# Integrating EHR and Genomics to Predict Multiple Sclerosis Drug Response

> **NIH NIH R01** · UNIVERSITY OF PITTSBURGH AT PITTSBURGH · 2020 · $407,317

## Abstract

ABSTRACT
The parent R01 project, funded in 2016, aims to address the unmet medical need of providing individually
tailored therapy for multiple sclerosis (MS), given the growing expansion of the approved MS disease-
modifying treatments (DMTs). Specifically, the parent project aims to produce an analytic approach capable of
identifying MS disease activity in relation to treatment history using EHR data and integrate with genomics
profile to develop a predictive model of therapeutic response to commonly prescribed DMT. Late-onset
Alzheimer’s disease (AD) is the most common cause of dementia and neurological disability in the aging
population. People with AD experience variable trajectories of cognitive and functional decline, resembling the
variable trajectories of neurological decline in people with MS. While the choices of DMTs for AD are few and
while more promising options are only beginning to emerge, real-world data such as EHR data are gaining
importance in the drug approval process. For the supplemental project, we propose to deploy the analytical
approaches that we developed for MS to ascertain individualized disease trajectory and treatment response to
existing drugs in people with late-onset AD, using EHR data and linked registry data. We will build on existing
collaboration with Dr. Tianxi Cai (Harvard, co-I on the parent R01) who is a leading expert on EHR data
analysis and new collaboration with Dr. Howard Aizenstein (co-I, University of Pittsburgh) who provide domain
expertise in AD and cognitive aging as well as Dr.

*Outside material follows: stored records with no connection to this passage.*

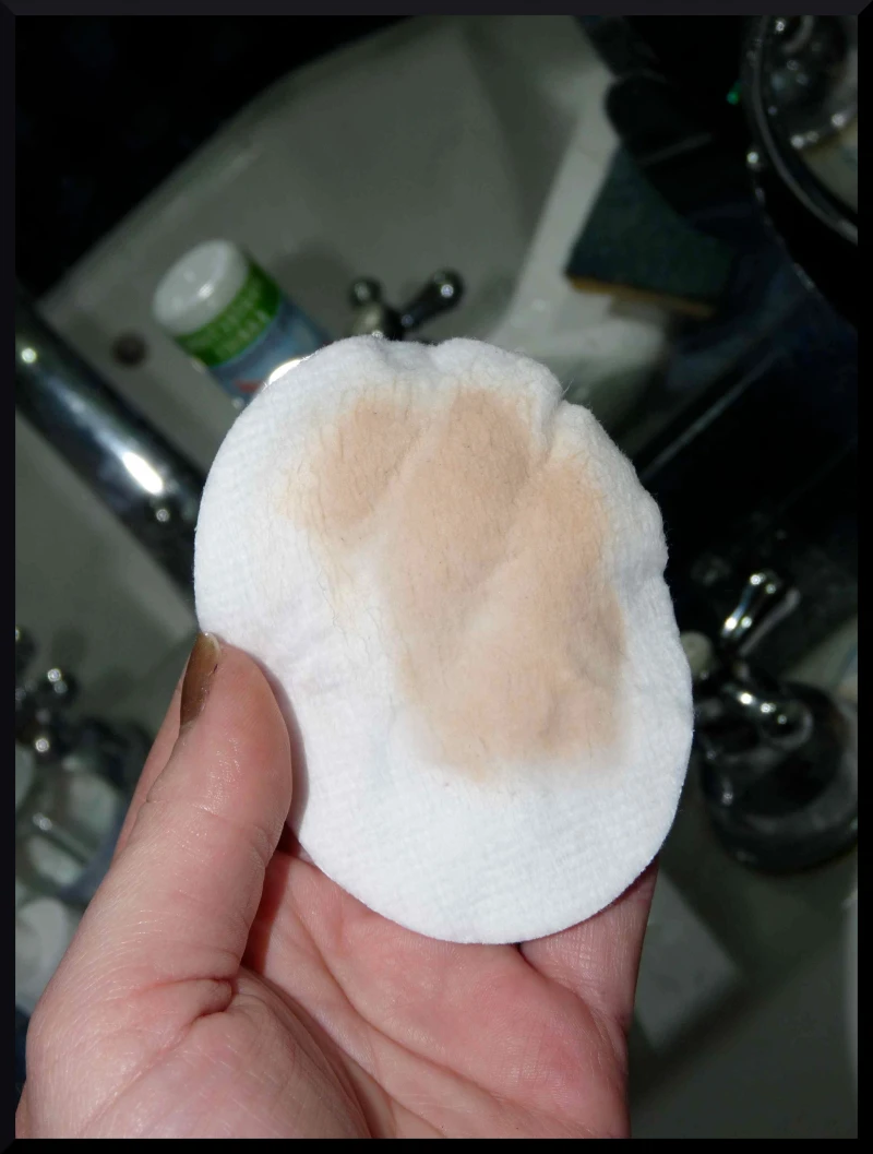 J’essaye de ne pas frotter comme une tarée, me remémorant sans cesse les conseils de la MUA qui m’avait auscultée : « foutez la paix à votre peau et soyez un peu gentille avec elle ». Du coup je passe le coton en appuyant quand même un peu ( on se refait pas ) :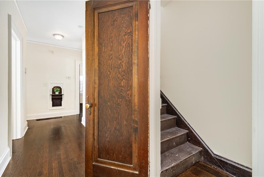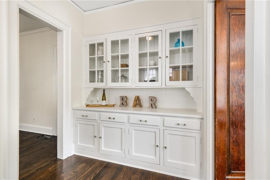 The living room, complete with a cozy fireplace and access to the porch, offers the perfect spot to relax or entertain. Through the formal dining room, walk along the butler’s pantry with original built-ins (coffee station, anyone?) to the kitchen that combines vintage charm with modern convenience, featuring granite countertops, stainless steel appliances, and a nearby laundry area.
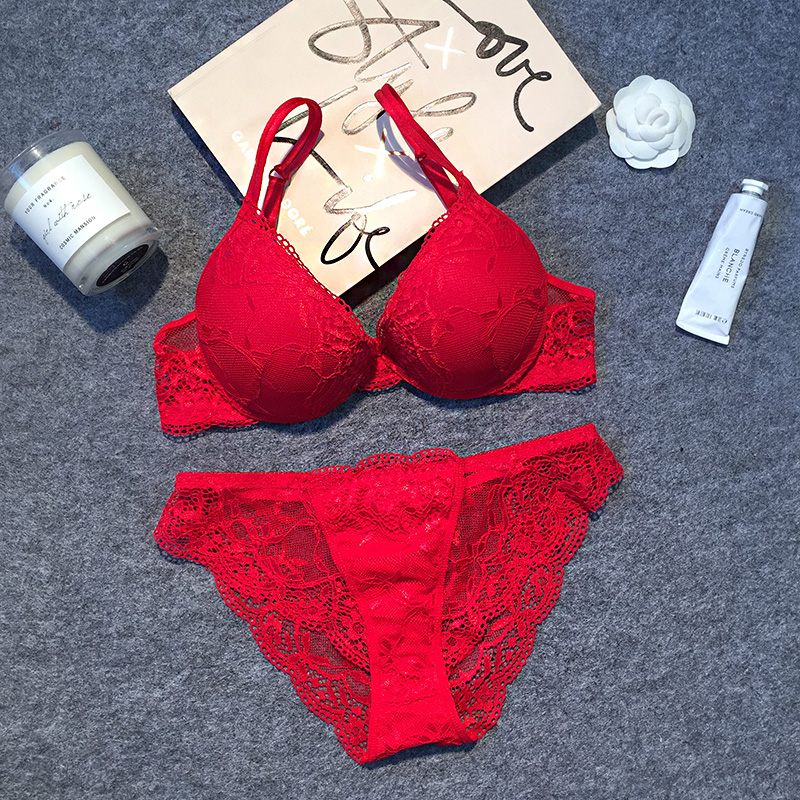 性感蕾丝文胸套装深V不聚拢调整型女士内衣套装薄款小胸少女夏季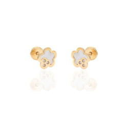 Pendientes de oro amarillo de 18 k. Estrella con circonitas y fondo de nácar.Medidas: 6 mmCierre tuerca de rosca
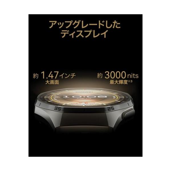■透き通る美しさと高い耐久性を備えたサファイアガラスと、航空宇宙グレードのチタン合金ケースを採用■最高輝度3000nitsの高画質AMOLEDカラーディスプレイにより、強い日差しの下でもハッキリとした視認性を備えています■通常使用で約21日間(ヘビーユースで約12時間)、GPS連続使用は約40時間可能なバッテリー搭載■サイクリングやスキー・スノーボード、トレイルランやゴルフなどオールシーズンの専門的ワークアウトに対応したハイエンドスポーツウォッチ■圧倒的な持久力を誇る、約21日間使えるパワフルバッテリー■100種類以上のワークアウトモード■心電図(ECG)ウォッチの側面にある電極に30秒触れるだけで、詳細な心電図レポートをその場で生成できます。■健康をもっと身近に:新開発のHUAWEI TruSenseシステム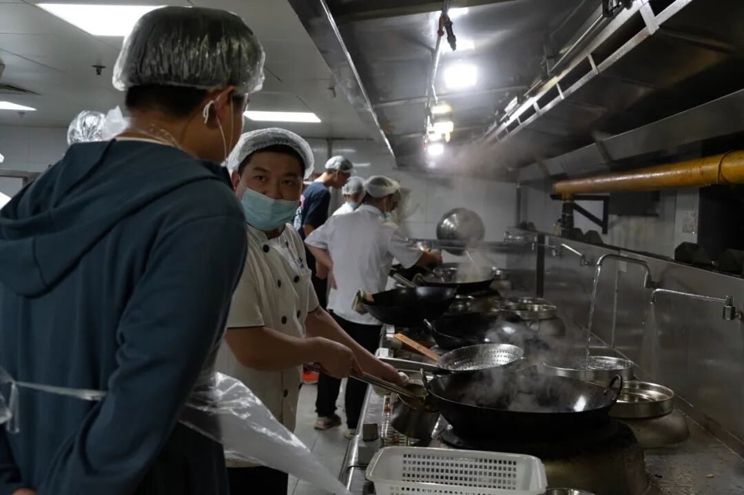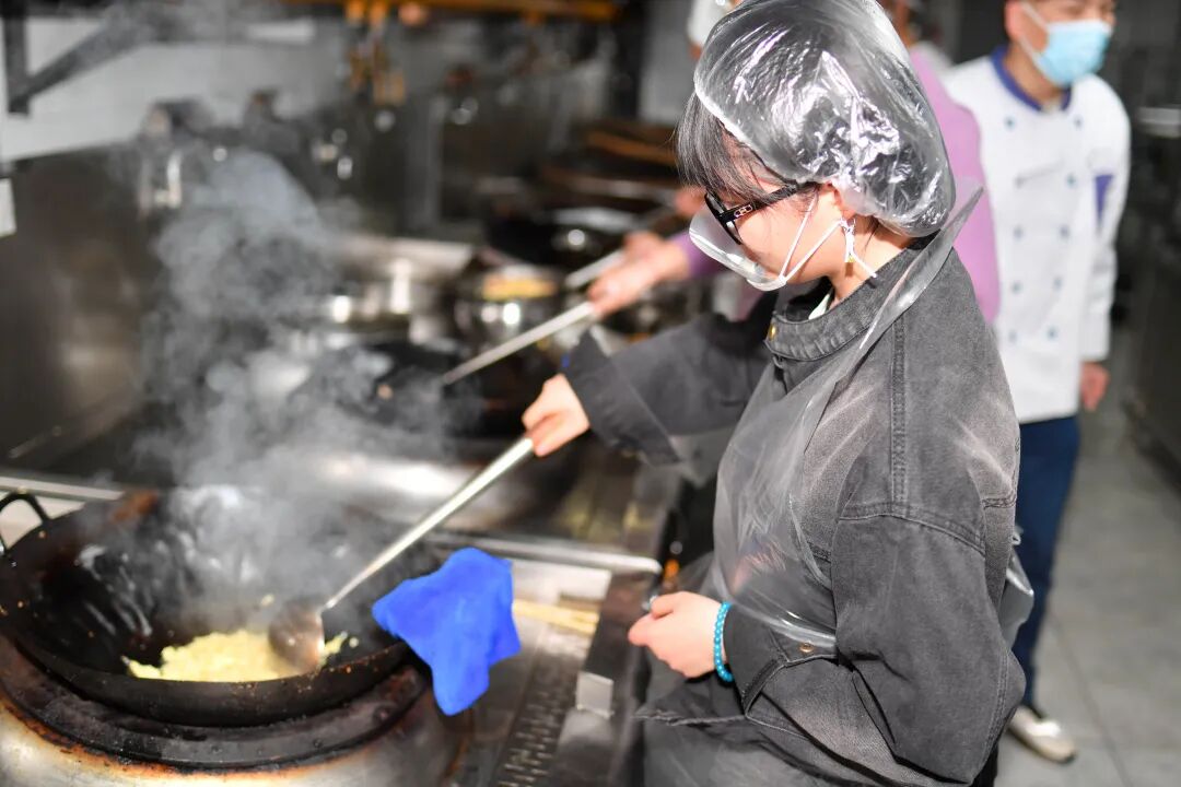 副食课堂则是风味与技艺的碰撞。6期课程涵盖木须肉、水煮肉、鱼香茄子、麻婆豆腐等多道家常菜,厨师拆解每道菜的制作步骤,详解调味比例与火候把控要点。同学们戴上厨师帽、系上围裙,手持炒勺从切配食材练起,逐步掌握颠锅翻炒技巧,看着生食材在自己手中变成色香味俱全的佳肴,惊喜与自豪溢于言表。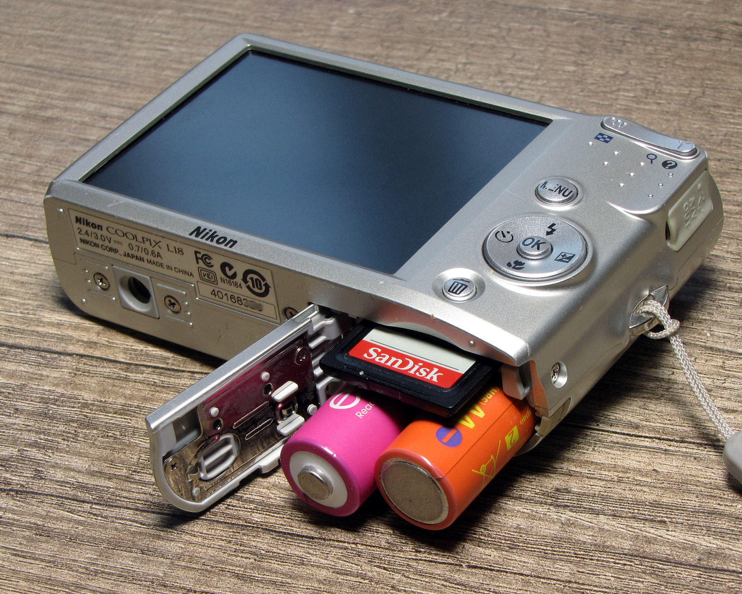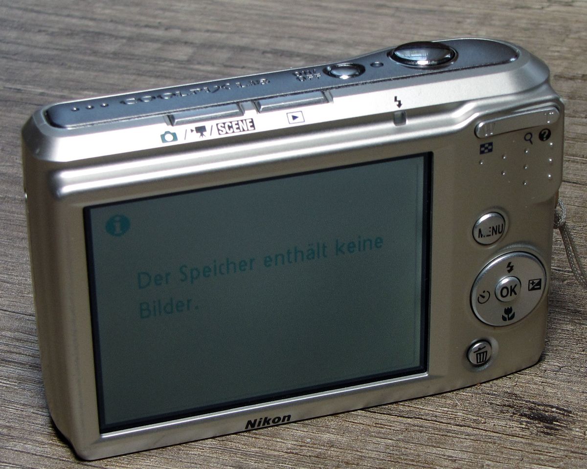 Die Coolpix L18 kann neben den normalen SD-Karten bis 2 GB auch SDHC-Karten bis etwa 32 GB nutzen. Die Kamera ist relativ wählerisch, was große Speicherkarten betrifft, viele meiner 32-GB-Karten hat sie nicht akzeptiert, und einige meiner 16-GB-Karten wurden auch mit der Meldung „Karte kann nicht verwendet werden“ auf dem Display abgewiesen. Und selbst wenn die 16 GB-Karte „läuft“, wird sie nicht perfekt genutzt, die Bildwiedergabe der aufgenommenen Fotos erscheint nur kurz, dann erscheint oftmals eine Meldung „Bild kann nicht angezeigt werden“.

Jonathan Silverstein (co-I, University of Pittsburgh) who will
provide critical support for the EHR data generation. For data source, we will leverage the growing EHR data
warehouse at the University of Pittsburgh Medical Center, which is linked to a well-established AD cohort
research registry. Extending the parent R01 project, we will test the hypothesis that meaningful phenotypes of
AD disease trajectory can be extracted from EHR data to inform treatment response in the supplemental
project. We will accomplish two supplemental aims: (1) leverage EHR data to ascertain the individualized
trajectory of neurological impairment in AD; (2) predict response to existing AD drugs using EHR data. The
objective of the supplemental project is to identify individualized AD disease trajectory in relation to treatment
history using EHR data and enable future assessment of AD drug efficacy using real-world data and
pharmacogenomics.

## Key facts

- **NIH application ID:** 10123647
- **Project number:** 3R01NS098023-05S1
- **Recipient organization:** UNIVERSITY OF PITTSBURGH AT PITTSBURGH
- **Principal Investigator:** Zongqi Xia
- **Activity code:** R01 (R01, R21, SBIR, etc.)
- **Funding institute:** NIH
- **Fiscal year:** 2020
- **Award amount:** $407,317
- **Award type:** 3
- **Project period:** 2016-09-30 → 2022-06-30

## Primary source

NIH RePORTER: https://reporter.nih.gov/project-details/10123647

## Citation

> US National Institutes of Health, RePORTER application 10123647, Integrating EHR and Genomics to Predict Multiple Sclerosis Drug Response (3R01NS098023-05S1). Retrieved via AI Analytics 2026-05-24 from https://api.ai-analytics.org/grant/nih/10123647. Licensed CC0.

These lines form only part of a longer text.